Dialoghi serrati, forma rigorosa, Ozon è chirurgico e ironico in un’opera che sembra, in un primo momento distante, dalla sua filmografia. Grazie a Dio è una continua oscillazione tra le diverse esistenze delle vittime e il regista lo fa mantenendo sempre un rigore e una fedeltà verso il racconto dei fatti.
Da maestro del thriller psicologico, raffinato e perturbante, Ozon continua il suo gioco del doppio, qui del quadruplo, concentrandosi sulla reazione al dramma entrando nelle case dei suoi personaggi. Diverso l’arredo, diverso lo stile di vita, l’estrazione sociale, diverso il dolore. Ogni personaggio/vittima ha un suo spazio, un suo tempo a cui il regista dedica attenzione per cercare di essere il più obiettivo possibile ma si sa, difficile rimanere imparziali, e il cinema di Ozon si muove sempre su altri registri. Ozon scruta e indaga la psicologia di chi viene coinvolto, attraverso l’indagine formale, attraverso l’inchiesta.

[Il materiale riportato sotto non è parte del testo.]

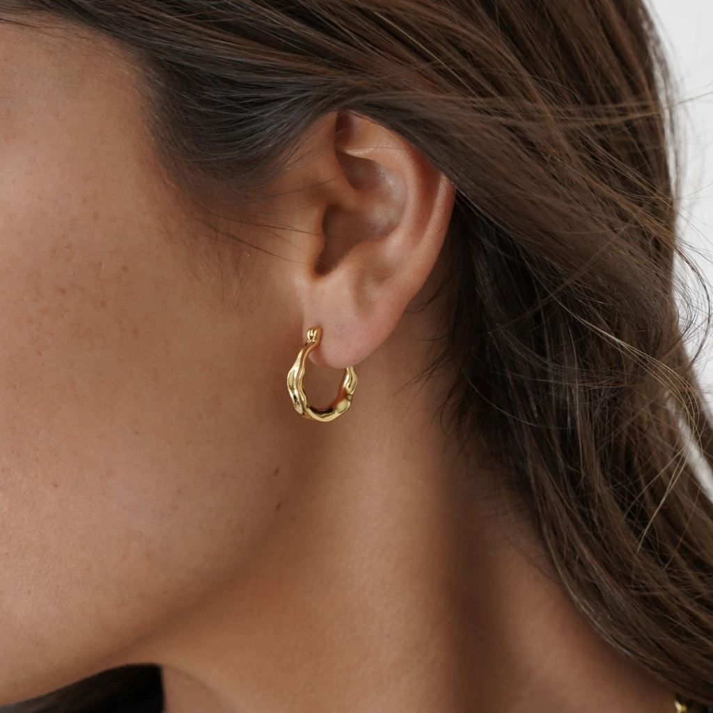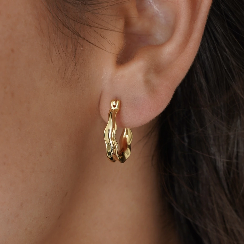 Confeccionadas en aleación metálica de alta calidad y chapadas en oro de 18k, estas argollas presentan un acabado dorado cálido, brillante y pulido, que realza su volumen y permite que la luz juegue sobre sus ondulaciones con un efecto sutil y refinado.

«Grazie a Dio, i fatti a cui si fa riferimento sono tutti prescritti» afferma senza pensare Barbarin durante una conferenza stampa, e da qui arriva la frase che dà il titolo al film, tagliente e affilato momento che tradisce il porporato, l’uomo imputato nel processo che ancora deve concludersi. In una dialettica tra fatti e individui, Ozon denuncia la colpa collettiva, la colpa di un sistema. Il regista costruisce ad arte un contrappunto tra particolare e generale, affinché tutto vacilli, tutto possa essere messo in dubbio. Persino la fede più cieca.